* **PROBLEM STATEMENT**
Please transcribe the data that follows exactly as given, leaving out every picture.

* **DATA BELOW**
● ● ● ● ● ● ●

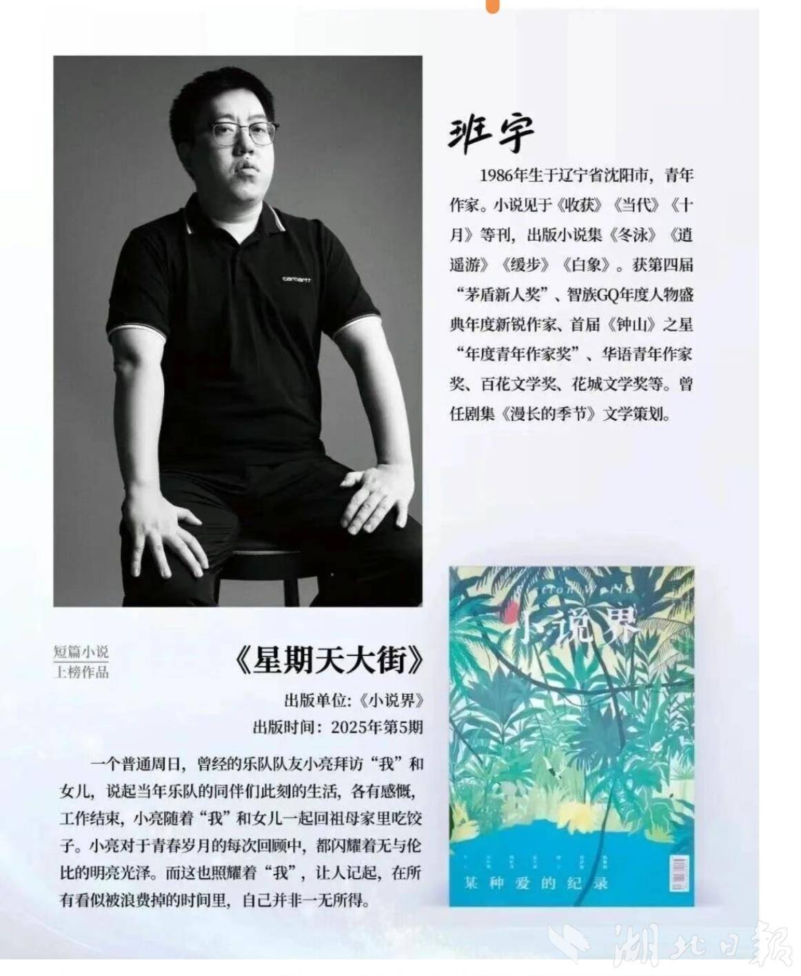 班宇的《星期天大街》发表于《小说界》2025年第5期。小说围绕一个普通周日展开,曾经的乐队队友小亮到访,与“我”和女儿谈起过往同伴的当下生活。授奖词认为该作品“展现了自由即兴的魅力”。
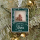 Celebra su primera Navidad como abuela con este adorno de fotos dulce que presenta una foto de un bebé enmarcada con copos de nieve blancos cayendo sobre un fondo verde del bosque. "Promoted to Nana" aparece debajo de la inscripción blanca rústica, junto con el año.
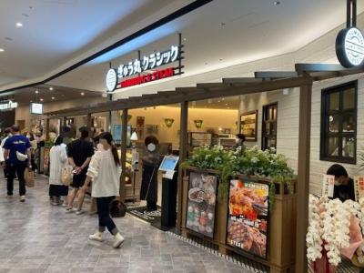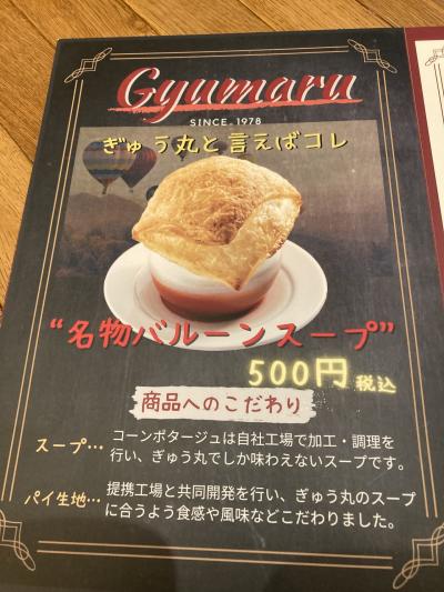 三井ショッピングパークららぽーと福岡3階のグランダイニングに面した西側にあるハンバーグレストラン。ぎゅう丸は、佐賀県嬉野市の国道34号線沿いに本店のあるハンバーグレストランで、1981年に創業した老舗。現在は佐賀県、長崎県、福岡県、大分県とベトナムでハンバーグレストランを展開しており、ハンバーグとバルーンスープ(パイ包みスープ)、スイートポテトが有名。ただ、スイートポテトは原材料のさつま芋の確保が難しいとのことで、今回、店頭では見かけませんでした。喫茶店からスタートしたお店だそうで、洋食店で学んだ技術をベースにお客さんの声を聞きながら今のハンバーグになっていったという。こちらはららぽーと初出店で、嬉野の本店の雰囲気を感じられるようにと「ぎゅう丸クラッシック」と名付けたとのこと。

● ● ● ● ● ● ●

* **TASK SOLUTION**
 班宇的《星期天大街》发表于《小说界》2025年第5期。小说围绕一个普通周日展开,曾经的乐队队友小亮到访,与“我”和女儿谈起过往同伴的当下生活。授奖词认为该作品“展现了自由即兴的魅力”。
 Celebra su primera Navidad como abuela con este adorno de fotos dulce que presenta una foto de un bebé enmarcada con copos de nieve blancos cayendo sobre un fondo verde del bosque. "Promoted to Nana" aparece debajo de la inscripción blanca rústica, junto con el año.
 三井ショッピングパークららぽーと福岡3階のグランダイニングに面した西側にあるハンバーグレストラン。ぎゅう丸は、佐賀県嬉野市の国道34号線沿いに本店のあるハンバーグレストランで、1981年に創業した老舗。現在は佐賀県、長崎県、福岡県、大分県とベトナムでハンバーグレストランを展開しており、ハンバーグとバルーンスープ(パイ包みスープ)、スイートポテトが有名。ただ、スイートポテトは原材料のさつま芋の確保が難しいとのことで、今回、店頭では見かけませんでした。喫茶店からスタートしたお店だそうで、洋食店で学んだ技術をベースにお客さんの声を聞きながら今のハンバーグになっていったという。こちらはららぽーと初出店で、嬉野の本店の雰囲気を感じられるようにと「ぎゅう丸クラッシック」と名付けたとのこと。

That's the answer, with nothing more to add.